Start of MATERIAL TO PROCESS

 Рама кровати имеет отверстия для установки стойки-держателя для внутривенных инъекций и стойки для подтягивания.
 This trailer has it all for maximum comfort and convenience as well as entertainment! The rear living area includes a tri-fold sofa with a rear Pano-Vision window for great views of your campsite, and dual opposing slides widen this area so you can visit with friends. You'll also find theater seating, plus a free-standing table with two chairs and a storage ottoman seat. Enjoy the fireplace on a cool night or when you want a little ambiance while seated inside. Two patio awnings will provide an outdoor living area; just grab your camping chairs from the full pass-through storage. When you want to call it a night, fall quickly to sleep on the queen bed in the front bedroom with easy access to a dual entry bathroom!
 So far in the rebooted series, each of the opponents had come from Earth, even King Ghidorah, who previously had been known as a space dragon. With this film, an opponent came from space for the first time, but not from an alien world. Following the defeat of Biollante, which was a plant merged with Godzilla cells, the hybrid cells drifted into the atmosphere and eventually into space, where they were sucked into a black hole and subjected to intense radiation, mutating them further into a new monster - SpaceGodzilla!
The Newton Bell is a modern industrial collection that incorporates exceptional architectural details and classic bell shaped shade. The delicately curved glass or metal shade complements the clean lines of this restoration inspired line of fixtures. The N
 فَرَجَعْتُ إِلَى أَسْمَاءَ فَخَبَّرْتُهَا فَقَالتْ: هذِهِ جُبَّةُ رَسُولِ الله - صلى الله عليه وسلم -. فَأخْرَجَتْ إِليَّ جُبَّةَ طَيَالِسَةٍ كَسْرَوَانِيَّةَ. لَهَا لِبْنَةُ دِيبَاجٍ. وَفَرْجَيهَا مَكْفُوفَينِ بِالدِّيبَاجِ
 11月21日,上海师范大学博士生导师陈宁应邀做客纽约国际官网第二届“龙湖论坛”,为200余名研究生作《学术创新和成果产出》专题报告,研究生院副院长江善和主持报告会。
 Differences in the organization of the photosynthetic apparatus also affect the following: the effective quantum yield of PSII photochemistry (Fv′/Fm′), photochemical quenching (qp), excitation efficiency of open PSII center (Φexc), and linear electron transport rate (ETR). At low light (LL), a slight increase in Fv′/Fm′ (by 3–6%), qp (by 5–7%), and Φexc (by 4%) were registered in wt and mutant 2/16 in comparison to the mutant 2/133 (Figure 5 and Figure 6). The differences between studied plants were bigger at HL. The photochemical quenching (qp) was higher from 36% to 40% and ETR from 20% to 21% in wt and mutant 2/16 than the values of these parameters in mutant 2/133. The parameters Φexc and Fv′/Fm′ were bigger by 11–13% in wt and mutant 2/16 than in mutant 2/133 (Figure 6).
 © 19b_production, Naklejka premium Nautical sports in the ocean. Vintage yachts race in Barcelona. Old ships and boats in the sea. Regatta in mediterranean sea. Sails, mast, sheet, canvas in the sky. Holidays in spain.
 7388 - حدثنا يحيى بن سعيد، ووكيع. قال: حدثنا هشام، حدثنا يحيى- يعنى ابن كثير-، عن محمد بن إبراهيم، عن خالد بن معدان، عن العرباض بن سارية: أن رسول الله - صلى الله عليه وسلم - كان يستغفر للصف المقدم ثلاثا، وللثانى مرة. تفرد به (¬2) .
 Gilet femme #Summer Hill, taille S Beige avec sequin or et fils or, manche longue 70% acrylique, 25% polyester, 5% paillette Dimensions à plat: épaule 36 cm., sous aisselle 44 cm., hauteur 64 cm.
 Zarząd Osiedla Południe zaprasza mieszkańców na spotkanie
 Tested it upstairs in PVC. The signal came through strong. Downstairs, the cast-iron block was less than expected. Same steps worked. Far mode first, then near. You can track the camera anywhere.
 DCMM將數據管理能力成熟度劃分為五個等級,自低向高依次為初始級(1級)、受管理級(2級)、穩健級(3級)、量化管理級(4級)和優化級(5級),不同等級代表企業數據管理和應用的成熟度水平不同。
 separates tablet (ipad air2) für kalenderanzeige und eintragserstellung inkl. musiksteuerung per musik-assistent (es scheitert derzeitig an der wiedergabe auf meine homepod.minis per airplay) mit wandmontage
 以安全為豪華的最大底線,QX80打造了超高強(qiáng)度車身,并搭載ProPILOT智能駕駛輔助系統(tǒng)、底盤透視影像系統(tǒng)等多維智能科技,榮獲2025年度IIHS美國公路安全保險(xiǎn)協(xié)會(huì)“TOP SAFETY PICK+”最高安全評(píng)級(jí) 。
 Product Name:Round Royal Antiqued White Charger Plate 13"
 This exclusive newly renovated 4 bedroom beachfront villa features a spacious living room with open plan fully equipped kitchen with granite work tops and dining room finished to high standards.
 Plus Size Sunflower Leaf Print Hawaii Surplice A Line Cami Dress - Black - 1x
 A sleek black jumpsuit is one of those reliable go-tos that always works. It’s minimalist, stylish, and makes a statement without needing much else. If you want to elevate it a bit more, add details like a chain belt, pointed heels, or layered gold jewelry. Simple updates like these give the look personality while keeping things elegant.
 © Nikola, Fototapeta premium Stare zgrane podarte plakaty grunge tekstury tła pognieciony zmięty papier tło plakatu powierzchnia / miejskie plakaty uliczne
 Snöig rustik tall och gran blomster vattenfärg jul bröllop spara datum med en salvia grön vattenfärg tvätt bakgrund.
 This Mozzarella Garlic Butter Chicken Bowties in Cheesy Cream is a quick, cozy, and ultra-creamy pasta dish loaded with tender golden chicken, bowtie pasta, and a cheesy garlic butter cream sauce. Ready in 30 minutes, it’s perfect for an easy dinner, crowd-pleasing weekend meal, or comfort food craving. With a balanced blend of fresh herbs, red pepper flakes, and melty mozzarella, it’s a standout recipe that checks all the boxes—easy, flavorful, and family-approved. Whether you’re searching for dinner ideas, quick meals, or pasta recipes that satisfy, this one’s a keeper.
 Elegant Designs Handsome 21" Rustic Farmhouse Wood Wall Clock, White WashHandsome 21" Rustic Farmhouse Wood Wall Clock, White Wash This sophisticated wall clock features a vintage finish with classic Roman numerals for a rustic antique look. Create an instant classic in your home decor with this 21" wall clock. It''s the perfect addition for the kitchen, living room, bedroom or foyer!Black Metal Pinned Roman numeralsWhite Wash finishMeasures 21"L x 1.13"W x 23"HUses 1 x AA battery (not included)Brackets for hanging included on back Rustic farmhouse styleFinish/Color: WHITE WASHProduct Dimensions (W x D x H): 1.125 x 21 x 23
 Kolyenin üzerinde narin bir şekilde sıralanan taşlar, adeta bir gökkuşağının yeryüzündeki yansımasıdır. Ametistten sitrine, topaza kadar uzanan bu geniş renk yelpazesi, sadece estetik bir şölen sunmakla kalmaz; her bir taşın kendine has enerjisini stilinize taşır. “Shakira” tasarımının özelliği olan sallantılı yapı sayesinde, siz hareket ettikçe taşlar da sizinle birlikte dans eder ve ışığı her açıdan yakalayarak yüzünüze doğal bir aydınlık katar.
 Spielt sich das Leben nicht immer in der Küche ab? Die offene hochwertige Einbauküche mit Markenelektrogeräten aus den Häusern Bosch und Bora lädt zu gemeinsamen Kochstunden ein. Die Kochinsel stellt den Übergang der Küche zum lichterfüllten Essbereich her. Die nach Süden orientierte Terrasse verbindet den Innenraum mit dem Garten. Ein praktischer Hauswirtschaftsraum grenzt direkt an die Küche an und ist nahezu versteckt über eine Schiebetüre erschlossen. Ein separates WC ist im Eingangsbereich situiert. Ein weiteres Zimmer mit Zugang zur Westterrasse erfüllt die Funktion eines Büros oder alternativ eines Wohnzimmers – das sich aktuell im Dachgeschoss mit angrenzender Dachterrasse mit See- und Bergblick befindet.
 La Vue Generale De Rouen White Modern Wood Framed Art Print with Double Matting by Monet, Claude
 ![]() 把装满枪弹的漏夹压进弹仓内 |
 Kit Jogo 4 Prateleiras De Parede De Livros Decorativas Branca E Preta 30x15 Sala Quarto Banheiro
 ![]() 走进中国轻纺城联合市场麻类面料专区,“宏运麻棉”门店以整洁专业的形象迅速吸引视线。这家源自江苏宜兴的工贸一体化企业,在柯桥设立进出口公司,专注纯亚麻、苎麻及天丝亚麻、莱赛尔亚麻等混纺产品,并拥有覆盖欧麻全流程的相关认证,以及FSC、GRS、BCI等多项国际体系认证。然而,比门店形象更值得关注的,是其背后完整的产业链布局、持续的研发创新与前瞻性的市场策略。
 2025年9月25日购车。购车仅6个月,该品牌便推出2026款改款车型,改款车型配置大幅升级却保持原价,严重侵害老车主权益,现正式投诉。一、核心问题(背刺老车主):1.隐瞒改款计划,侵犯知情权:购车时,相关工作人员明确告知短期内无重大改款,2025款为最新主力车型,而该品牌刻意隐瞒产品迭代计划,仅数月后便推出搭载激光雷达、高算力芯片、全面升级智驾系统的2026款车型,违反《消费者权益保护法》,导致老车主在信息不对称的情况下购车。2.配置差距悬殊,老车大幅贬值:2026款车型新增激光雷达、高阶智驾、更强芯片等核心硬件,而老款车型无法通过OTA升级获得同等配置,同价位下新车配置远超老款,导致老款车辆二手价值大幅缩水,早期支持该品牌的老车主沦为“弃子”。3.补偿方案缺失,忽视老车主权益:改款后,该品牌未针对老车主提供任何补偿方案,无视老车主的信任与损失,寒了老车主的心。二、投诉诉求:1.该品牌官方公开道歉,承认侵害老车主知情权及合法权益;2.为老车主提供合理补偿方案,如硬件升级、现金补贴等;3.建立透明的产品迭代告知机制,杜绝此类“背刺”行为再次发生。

End of MATERIAL TO PROCESS

Return exactly what appears above, from the first line of the entries to the line with "This trailer has", inclusive.

 Рама кровати имеет отверстия для установки стойки-держателя для внутривенных инъекций и стойки для подтягивания.
 This trailer has it all for maximum comfort and convenience as well as entertainment! The rear living area includes a tri-fold sofa with a rear Pano-Vision window for great views of your campsite, and dual opposing slides widen this area so you can visit with friends. You'll also find theater seating, plus a free-standing table with two chairs and a storage ottoman seat. Enjoy the fireplace on a cool night or when you want a little ambiance while seated inside. Two patio awnings will provide an outdoor living area; just grab your camping chairs from the full pass-through storage. When you want to call it a night, fall quickly to sleep on the queen bed in the front bedroom with easy access to a dual entry bathroom!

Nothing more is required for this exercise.